Part of the first season of The Grand Tour - releasing one episode per week on Amazon Video Prime since yesterday - is an episode filmed earlier this year in Johannesburg, South Africa.

This South African episode that will be become available next week Friday and following the debut episode set in California's desert, will be the second episode of the new series.

While BBC Worldwide's failed reset Top Gear seen earlier this year on BBC Brit (DStv 120) with Chris Evans was panned by critics and viewers alike and saw the host quit as ratings plummeted, The Grand Tour that Amazon spent millions on, looks like an instant hit while critics are back raving about Jezza and car company.

Forbes describes The Grand Tour as "really Top Gear on steroids" while The Telegraph raved that "the production values are as mind-blowing as billed" as describing the show as not "yet five minutes in and already Top Gear had been thoroughly trumped".

"The new series will certainly go some way towards obliterating memories of Top Gear's terrible Chris Evans fronted relaunch," said The Telegraph, noting that "Petrolheads can rejoice. The BBC may wonder how Matt LeBlanc and whoever joins him next year can possibly compete".

The Guardian says "Jeremy Clarkson, James May and Richard Hammond prove they can still make a spectacle – and keep the petrolheads happy".

USA Today notes that The Grand Tour is "ambitious".

With good reviews and a passionate fanbase for The Grand Tour, if Amazon Video Prime does launch in South Africa sometime in December, it might be too late for the Amazon Studios produced show to actually cash in on viewers.

If The Grand Tour does become available to South African viewers it will be after the show's international launch date and episode roll-out schedule, while a growing number of South African and African consumers with broadband access over the past three years have turned to other ways of finding TV downloads if a show isn't broadcast or made available legally in the territory.

Thursday, June 2, 2016

Former Top Gear presenter Jeremy Clarkson heading to South Africa in mid-July for first studio audience recording for new car show, The Grand Tour.


The former Top Gear trio of Jeremy Clarkson, Richard Hammond and James May are heading to South Africa in mid-July where they will film the first studio section of their new show, The Grand Tour, for Amazon.

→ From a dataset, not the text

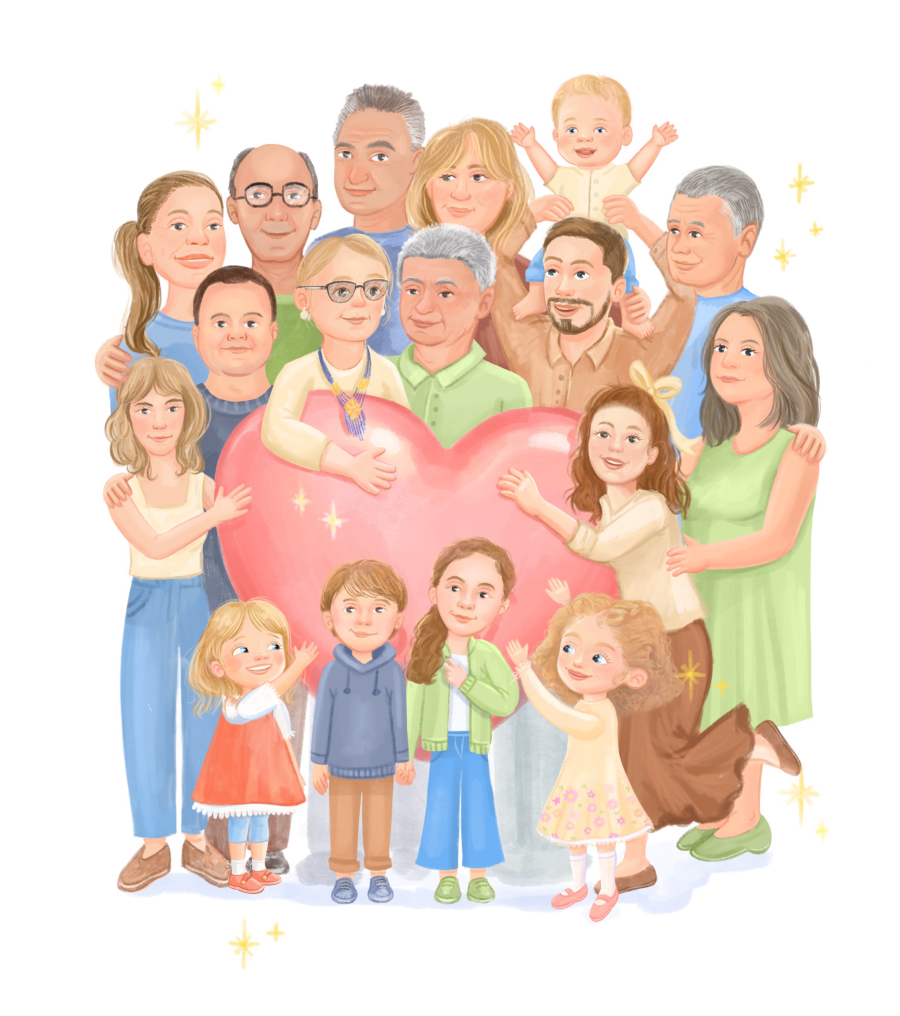 • Custom illustrations for private clients (gifts, portraits, family stories)

After a lackluster debut of the BBC's new Top Gear that recently visited South Africa to film a challenging race from Durban to the highest bar in Lesotho, Jeremy Clarkson announced that the team which jumped to Amazon after an ugly behind-the-scenes fight, will be heading to South Africa first to film for The Grand Tour.

The Grand Tour will launch as a video-on-demand (VOD) streaming show on Amazon and might well be picked up by another South African broadcaster like M-Net that's already showing Amazon shows like Transparent and Mozart in the Jungle.

The Grand Tour will record in Johannesburg on 17 July and is looking for studio audience members. This will be the first studio segment recorded for the show.

"The pre-recorded studio section of the programme will be filmed in front of a live audience, all housed within a giant tent," The Grand Tour team said on Amazon's British website.

"To celebrate, Amazon is giving fans the opportunity to win one of three pairs of tickets, travel and accommodation to be part of the recording in Johannesburg".

People can enter from now until 8 June through Twitter by using the hashtag #TheGrandTour and must attach a photo or video of the strangest place they've ever put up a tent with the trio of presenters who will choose the final three winners out of a shortlisted top 10.